Kalau perlu untuk memperkuat kedudukan Sovyet Russia, segala kepentingan di luar Sovyet Russia dikorbankan, terhitung juga kepentingan kemerdekaan Negara-negara jajahan, sebagaimana yang terjadi pada tahun 1935 dan seterusnya. Sebab, menurut pendapat mereka, apabila Sovyet Russia yang dibantu tadi sudah mencapai kemenangannya dalam pertempuran dengan imperialisme, kemerdekaan itu akan datang dengan sendirinya.
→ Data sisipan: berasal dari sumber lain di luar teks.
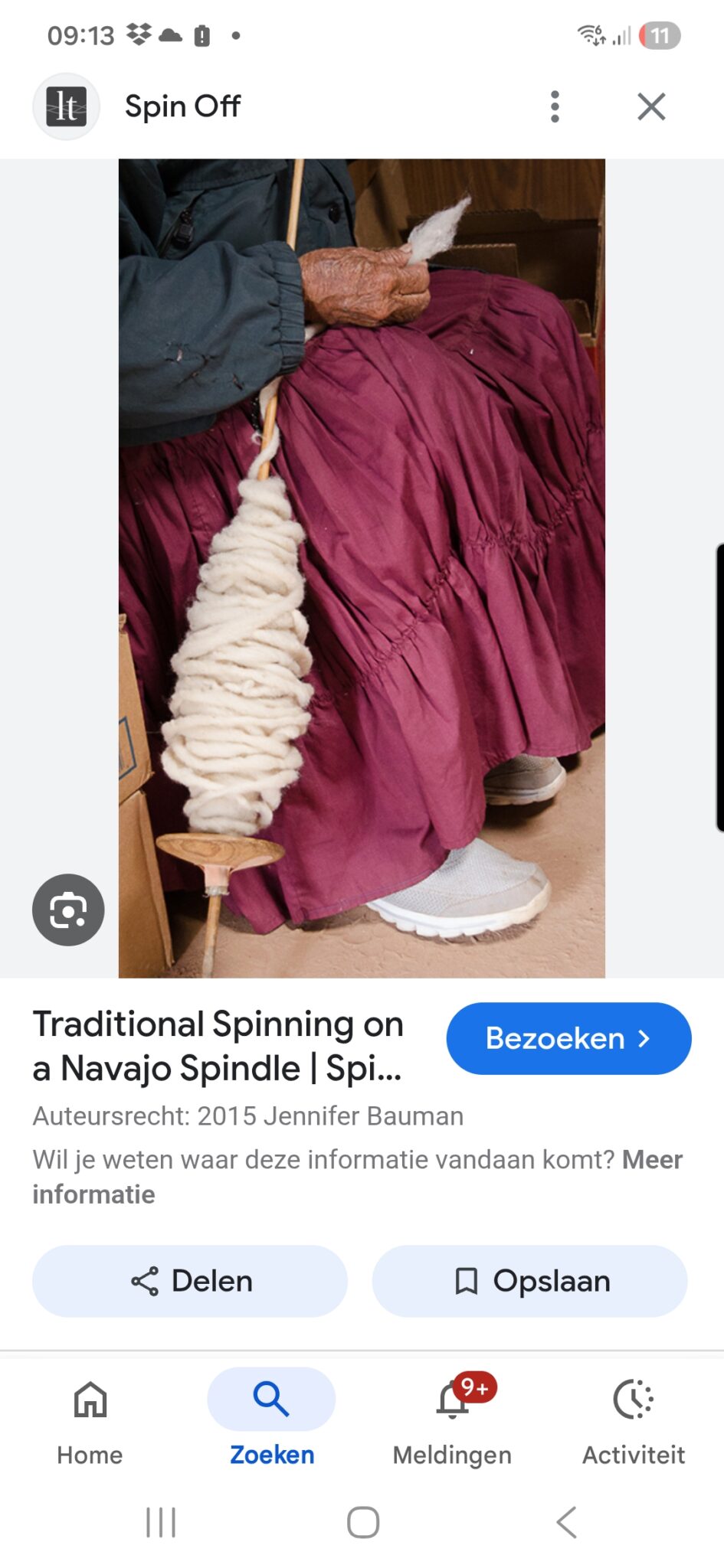 En dan nog de Navajo-spintollen. Die zijn 70 cm of langer, rusten op de grond en tegen je heup en geef je elke keer een draai langs je heup op om dat ding in beweging te krijgen. Foto van internet gehaald want deze tol heb ik zelf nog niet.

Tidak demikian pendirian seorang “nasionalis”, sekalipun pandangan kemasyarakatannya berdasarkan sosialisme. Dari tujuan politik-nasional, kemerdekaan itulah yang terutama, sehingga segala tujuan dibulatkan kepada perjuangan mencapai kemerdekaan itu. Perhitungan terutama ialah, betapa aku akan mencapai kemerdekaan bangsaku dengan selekas-lekasnya. Dan dengan sendiri perjuangannya itu mengambil dasar lain daripada perjuangan yang dianjurkan oleh seorang komunis.

Oleh karena itu tidak dengan sendirinya ia memilih antara dua aliran yang bertentangan. Betapa juga besar simpatinya kepada aliran yang lebih dekat kepadanya, ia tetap memilih langkah sendiri dalam menghadapi soal-soal kemerdekaan.

Betapa lemahnya kita sebagai bangsa yang baru merdeka dibandingkan dua raksasa yang bertentangan, Amerika Serikat dan Sovyet Russia, menurut anggapan pemerintah kita harus tetap mendasar perjuangan kita atas adagium : percaya kepada diri sendiri dan berjuang atas tenaga dan kesanggupan yang ada pada kita.